In the code above, I use loops to run through the parameters. There is also something called GridSearch in the Python libraries, as well as RandomSearch (for cases where trying all combos is expensive). But I prefer the ability to control the loops, print out whatever I like and all that.

The above code also shows two ways I tried to train/evaluate the RandomForest parameters. First is with k-fold, latter with single test-train split. I picked MultinomialNB and RandomForest because some internet searching gave me the impression they might work reasonably well for unbalanced class sets such as this one. Of course the final idea is always to try and see what works.. This worked quite fine for me. Or so it seems, machine learning seems to be always about iterating stuffs and learning and updating as you go. More data could change this all, or maybe finding some mistake, or having more domain or analytics knowledge, finding mismatching results, or anything really.

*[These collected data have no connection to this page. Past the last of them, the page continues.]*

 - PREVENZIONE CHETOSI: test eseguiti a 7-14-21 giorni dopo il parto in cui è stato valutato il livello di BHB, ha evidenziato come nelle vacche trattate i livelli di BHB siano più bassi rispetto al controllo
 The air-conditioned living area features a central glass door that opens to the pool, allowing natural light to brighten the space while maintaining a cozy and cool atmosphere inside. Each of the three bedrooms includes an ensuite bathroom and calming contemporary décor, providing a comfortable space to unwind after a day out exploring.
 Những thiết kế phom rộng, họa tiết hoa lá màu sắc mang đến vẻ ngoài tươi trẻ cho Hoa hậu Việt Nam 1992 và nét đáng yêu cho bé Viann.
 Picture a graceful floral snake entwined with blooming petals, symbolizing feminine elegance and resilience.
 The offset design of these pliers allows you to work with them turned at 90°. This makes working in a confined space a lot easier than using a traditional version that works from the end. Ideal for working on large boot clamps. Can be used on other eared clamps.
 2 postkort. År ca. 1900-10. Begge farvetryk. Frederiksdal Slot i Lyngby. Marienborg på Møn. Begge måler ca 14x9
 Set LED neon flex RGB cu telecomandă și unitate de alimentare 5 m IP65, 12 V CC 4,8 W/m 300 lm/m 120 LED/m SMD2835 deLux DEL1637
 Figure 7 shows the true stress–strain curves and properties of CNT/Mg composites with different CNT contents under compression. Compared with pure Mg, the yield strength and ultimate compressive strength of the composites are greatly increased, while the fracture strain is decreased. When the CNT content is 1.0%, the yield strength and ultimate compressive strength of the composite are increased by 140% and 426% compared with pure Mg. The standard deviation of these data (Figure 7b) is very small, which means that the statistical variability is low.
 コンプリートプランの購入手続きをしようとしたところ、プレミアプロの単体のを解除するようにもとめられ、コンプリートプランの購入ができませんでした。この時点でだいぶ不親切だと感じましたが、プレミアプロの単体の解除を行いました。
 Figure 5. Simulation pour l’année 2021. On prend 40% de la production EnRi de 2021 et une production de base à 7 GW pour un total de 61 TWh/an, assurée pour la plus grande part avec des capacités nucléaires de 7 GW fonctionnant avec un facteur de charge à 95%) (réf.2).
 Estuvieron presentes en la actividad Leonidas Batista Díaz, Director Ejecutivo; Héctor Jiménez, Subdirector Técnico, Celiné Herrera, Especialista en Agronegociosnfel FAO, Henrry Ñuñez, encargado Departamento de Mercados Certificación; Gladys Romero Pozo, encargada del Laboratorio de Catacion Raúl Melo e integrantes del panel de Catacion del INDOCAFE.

What the unbalanced refers to is the number of instances of different components in this dataset, some “components” have many bug repots, while others much less. For many learning algorithms this seems to be an issue. Some searches indicated RandomForest should be fairly robust for this type so this is also one reason I used it.

Running the above code to experiment with the parameters also produced some slightly concerning results. The accuracy for the classifier ranged from 30% to 95% with smallish parameters changes. I would guess that also speaks for the small dataset causing potential issues. Also re-running the same code would give different classifications for new (unseen) instances. Which is what you might expect when I am not setting the randomization seed. But then I would also expect the accuracy to vary somewhat, which it didn’t. So just don’t take this as more than an example of how you might apply ML for some SW testing related tasks. Take it to highlight the need to always learn more, try more things, and get a decent amount of data, evolve models constantly, etc. And post some comments on all the things you think are wrong in this post/code so we can verify the approach of learning and updating all the time :).

In any case, I hope the example is useful for giving an idea of one way how machine learning could be applied in software testing related aspects. Now write me some nice LSTM or whatever is the latest trend in deep learning models, figure out any issues in my code, or whatever, and post some comments. Cheers.